Nikon d750: This is the camera I use when I want to take formal portraits or get real detail, either up close or from a distance. I have a couple of different lenses but tend to stick with the Nikkor 28mm-300mm lens (f/3.5 – 5.0) I have because it pretty much does everything. I also tend to keep everything in auto, because the camera is actually smart about lighting and shutter speed, and because, inasmuch as I shoot in RAW format and then work on the photos in Photoshop, I mostly tweak lighting and other things there. I also tend to shoot with available light rather than flash. The d750 is a more than capable machine, but I suspect mine is coming to the end of its natural life, since I’m experiencing a few physical glitches and hangups recently. I already have my eye on what I’ll get to replace it. No, I won’t tell you. I’ll let it be a surprise. Until then, however, I can say I have gotten real value out of the d750. It’s been a very good camera for me.

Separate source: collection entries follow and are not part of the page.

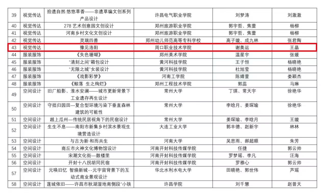 “创响中原”河南省大学生艺术设计大赛由河南省教育厅主办,旨在贯彻落实省委省政府关于“设计河南”建设的战略部署,持续深化教育教学改革,加快培养卓越设计人才,打造设计创新中心和人才高地,全面推进“设计河南”建设。贝博官网领导高度重视,积极组织专业教师带领学生参加大赛。近日,河南省教育厅公布了2023“创响中原”大学生艺术设计大赛的评审结果。贝博官网在此次大赛中荣获一等奖1项、二等奖1项、三等奖3项
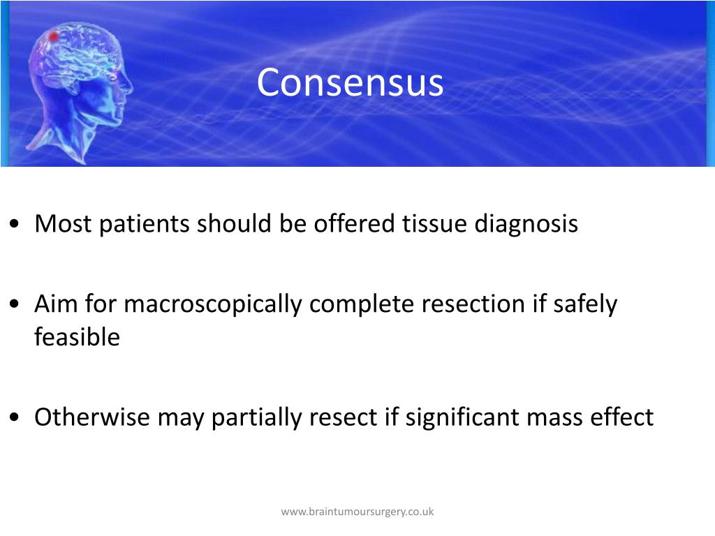 Consensus Consensus • Most patients should be offered tissue diagnosis • Aim for macroscopically complete resection if safely feasible • Otherwise may partially resect if significant mass effect www.braintumoursurgery.co.uk
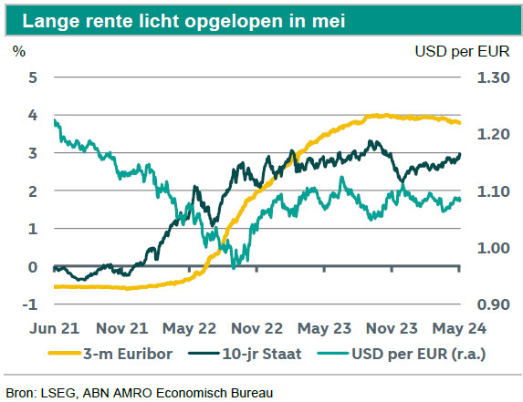 Het in- en uitprijzen van renteverlagingen in de eurozone en de VS heeft sinds eind 2023 tot bewegingen op financiële markten geleid. Dit heeft per saldo geleid tot een stijging van de lange rente. Wij denken dat de lange rente gedurende de rest van het jaar gaat dalen als de ECB de beleidsrente verder verlaagt. We hebben onze ramingen voor het niveau van de lange rente voor het eind van 2024 ongewijzigd gelaten.
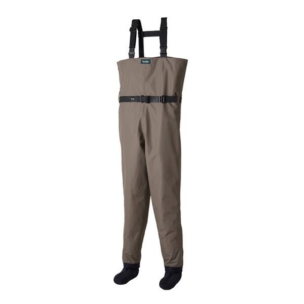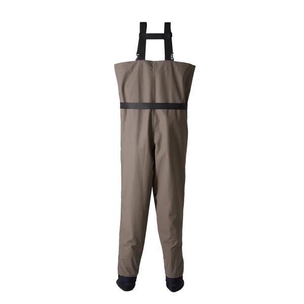 歩きやすさ追求したストッキングモデル本体は国産高密度ポリエステル3レイヤー素材(aquamaxSUPREME透湿防水加工)気温、湿度が高くなる時期や長距離移動時にもウェーダー内部の快適性を保つ透湿素材を使用足場の悪いの渓流や本流でも安定した歩行を可能にするストッキングモデルフィット感と耐久性を考慮した3.5mmクロロプレンソックスダメージの多い踵部は擦れに強いパットで補強本体とソックスドッキング部分は耐久性を考慮した2重構造裾クロロプレンはシューズ内への砂利侵入を軽減するシューレースフック付きグラベルガード仕様。 サイズ:L(総丈141cm、股上53cm、股下88cm、胴回り112cm、太もも72cm、裾囲42cm、対応足サイズ26.5cm、対応身長170-175cm カラー:グレージュ ※実物と色が違って見える場合があります。あらかじめご了承下さい。
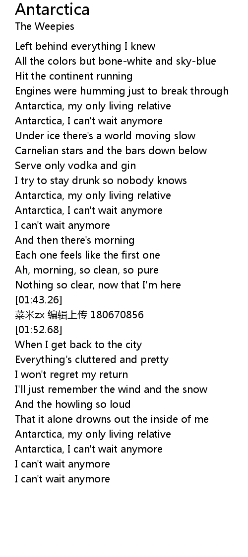 | [01:04.92] | Antarctica, I can't wait anymore |
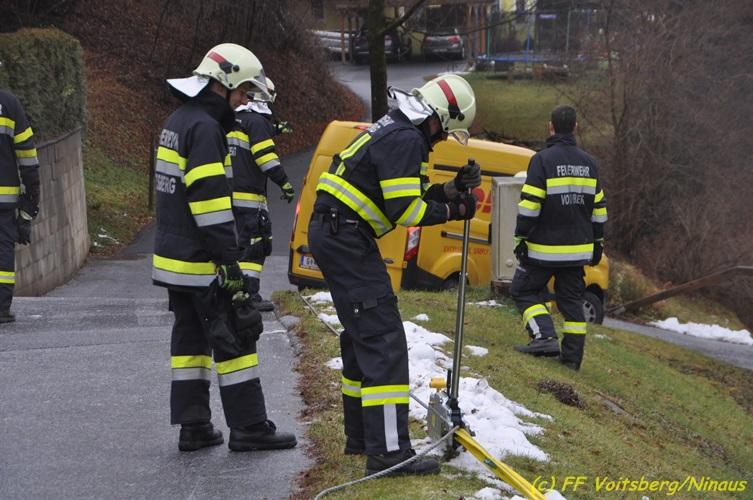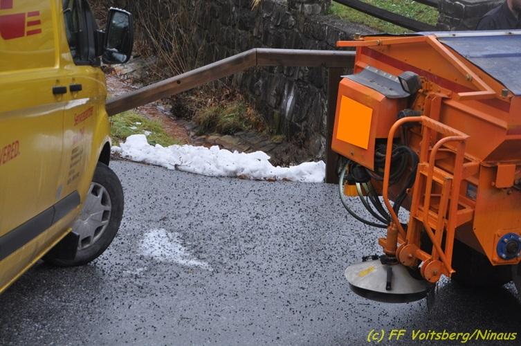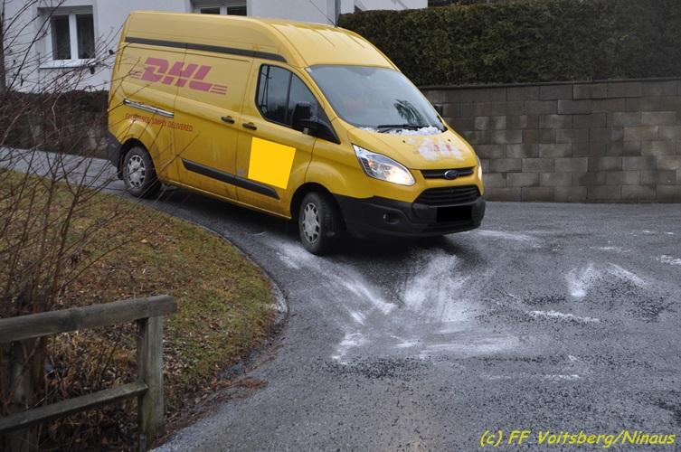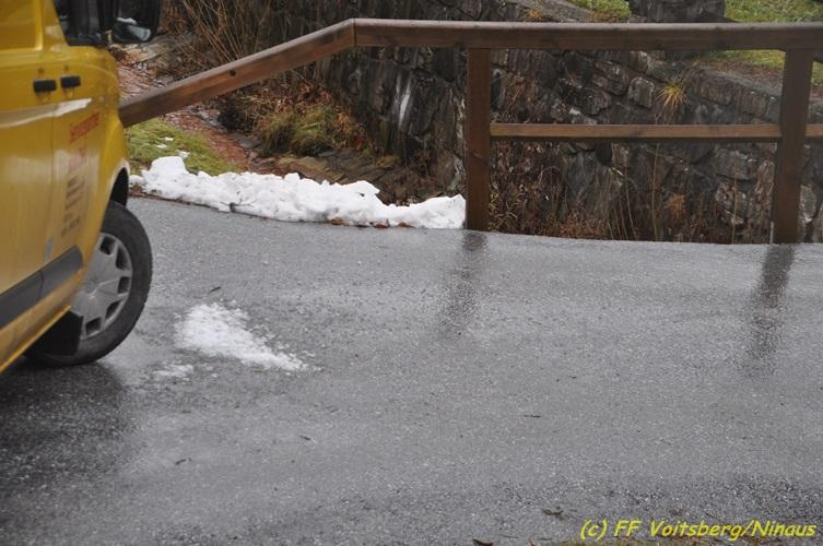 VOITSBERG, am 09.12.2017 Nach Auftreten von Blitzeis konnte ein Kleinbus auf einer Privatstraße nicht mehr weiterfahren. Sichern des Fahrzeuges mit einem Greifzug und Aufbringen von Streusalz. Es entstand kein Sachschaden.
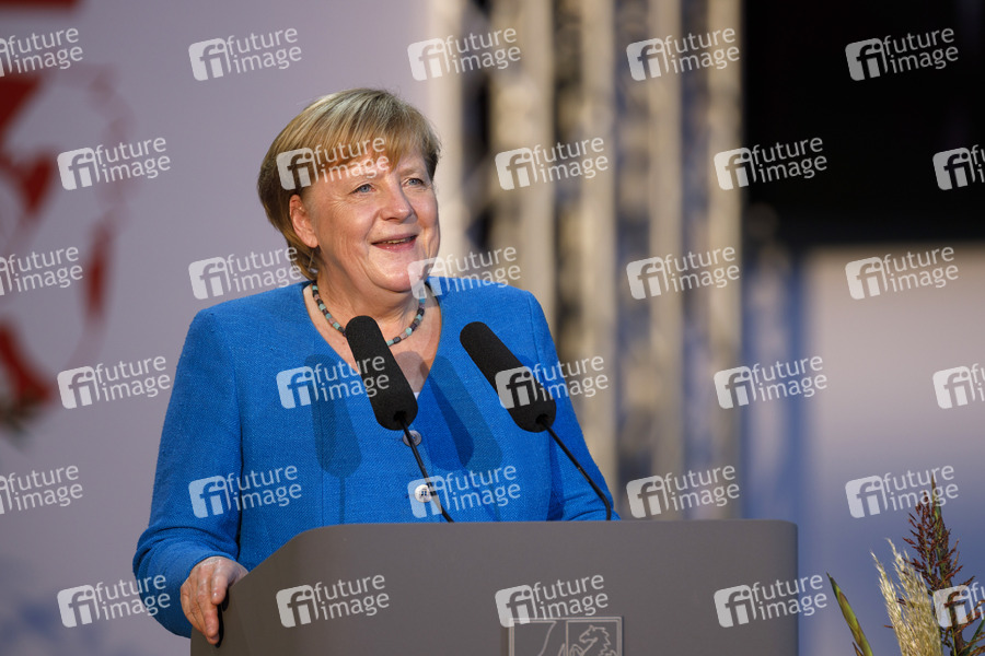 Angela Merkel beim Festakt zum 75. Geburtstag des Landes Nordrhein-Westfalen auf der Düsseldorfer Galopprennbahn. Düsseldorf, 23.08.2021

Pixel 4: The Pixel line of phones have been lauded for their photo-taking abilities, and in my experience, justly so. For casual shooting, they do some things as well as substantially more expensive, dedicated cameras, and other things they do even better than that (see: night sight and the new and genuinely spectacular “astrophotography” mode). Other phone manufacturers have caught up to Google so you can have the technical argument that the Pixel line no longer has the best in-phone camera, but what that really means is that now, after years of meh photos from your phone, you now have a choice of several excellent shooters, including the Pixels. We all win, basically.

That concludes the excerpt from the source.